ANTIRASSISMUS ZENTRUM WIEN

Kontaktperson: Hikmet Kayahan
eingereicht am: 30.11.2017
Budget: € 3.960,-
Finanzierungsfrist: 30.05.2018
Finanzierungsschwelle: € 2.000
Land/Region: Österreich/Wien
Art: Sonstige
Themenkreis: Respekt & Vielfalt

Allgemein

Projektadresse

Zentagasse 39/2
1050 Wien

Das ANTIRASSISMUS ZENTRUM WIEN wird in 1050 Wien, Zentagasse 39/2, seine Arbeit aufnehmen. Die Adaptierung und Einrichtung wird Ende Dezember 2017 abgeschlossen sein.
  • Start Projektumsetzung: 01.01.2018
  • Ende Projektumsetzung: 31.12.2018

Projektbeschreibung kurz

Das ANTIRASSISMUS ZENTRUM WIEN ist als Projektwerkstatt konzipiert, das in den Bereichen (Anti)Rassismus, Rechtsextremismus, Antisemitismus, Islamfeindlichkeit, Interkulturalität, (Anti)Diskriminierung & Migration neue Projekte initiiert und umsetzt. Es bietet Arbeitsraum für antirassistische & antifaschistische Initiativen, vernetzt & macht die Menschrechtsarbeit sichtbar, bündelt zivilgesellschaftliches Engagement & fördert die Professionalität. Synergien werden gebündelt, Informationen gesammelt & veröffentlicht.Schwerpunkte sind: Information & Dokumentation; Schaffung von (Gegen)Öffentlichkeiten; Beratung & Unterstützung von antirassistische & antifaschistische Initiativen; Publikation von relevanter Literatur; Kooperationen & Vernetzung, Unterstützung, Initiierung & Umsetzung von Projekte/Aktionen/Kampagnen.Das Zentrum arbeitet aktiv an einer Gesellschaft ohne Hass, Verhetzung, Ausgrenzung & Diskriminierung, ist ein Ort, an dem sich Menschen mit Respekt begegnen & miteinander sachlich an der Lösung von Problemen arbeiten.

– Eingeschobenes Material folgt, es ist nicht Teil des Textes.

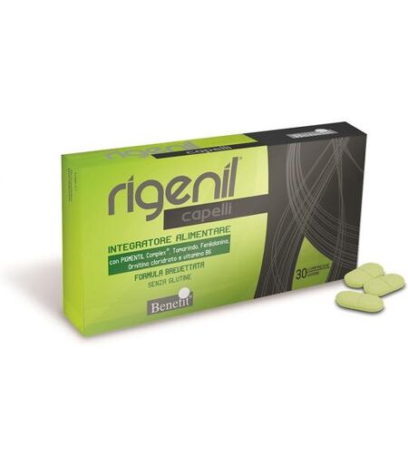 Prenditi cura dei tuoi capelli contrastando la caduta preventiva e ritardando l’invecchiamento con l’integratore alimentare Rigenil Capelli.Rigenil Capelli è un integratore in compresse per il benessere dei capelli che sfrutta l'innovativo Pigmentil complex per ritardarne l'invecchiamento. L'utilizzo dell'integratore Rigenil Capelli è indicato nei casi in cui sia necessario apportare nutrienti aggiuntivi per il benessere del capello. Anticaduta Rigenil Capelli è un integratore pensato per contrastare il processo di invecchiamento delle cellule dei capelli che portano alla formazione di capelli bianchi e una maggiore caduta del capello. La sua formula:Sfrutta il potenziale dell'innovativo Pigmentil complex con Tamarindo Indicus, Fenilalanina-L, Ornitina per ritardare l'invecchiamento capillare;Riduce la formazione di capelli bianchi ostacolando la depigmentazione;Riduce la caduta dei capelli;Rafforza la struttura capillare. Assumere 1 compressa al giorno presa con un bicchiere d'acqua anche a stomaco vuoto. Il trattamento ha una durata consigliata di 3 mesi da ripetere due volte l'anno a distanza di 4-6 mesi. Non superare le dosi consigliate. L'integratore non sostituisce uno stile di vita sano ed equilibrato. Agenti di carica: cellulosa microcristallina, calcio fosfato; Pigmentil Complex [L-fenilalanina, tamarindo (Tamarindus indica L., frutti) estratto secco, L-ornitina cloridrato)]; olio di semi di lino microincapsulato (Linum usitatissimum L. olio, maltodestrine) titolato al 25% in acido alfa-linolenico e al 10% in acido linoleico; stabilizzante: carbossimetilcellulosa reticolata sodica; licopene da pomodoro (Solanum lycopersicum L. frutto estratto secco, amido); agenti di rivestimento: idrossipropilmetilcellulosa, cellulosa microcristallina, acido stearico; glicerolo; antiagglomerante: biossido di silicio; coloranti: biossido di titanio, ossido di ferro, clorofillina rameica; vitamina B6 (cloridrato di piridossina). ...

Und ist dabei unheilbar visionär & idealistisch, stellt sich aber den Realitäten und Herausforderungen der Gegenwart, um Chancen für die Zukunft zu schaffen.


Nachweis Projektabschluss

Abrechnung, Belegskopien zu den Ausgaben, die mit den über Respekt.net lukrierten Mitteln bestritten wurden, Dokumentation der Arbeit, Online-Abschlussbericht.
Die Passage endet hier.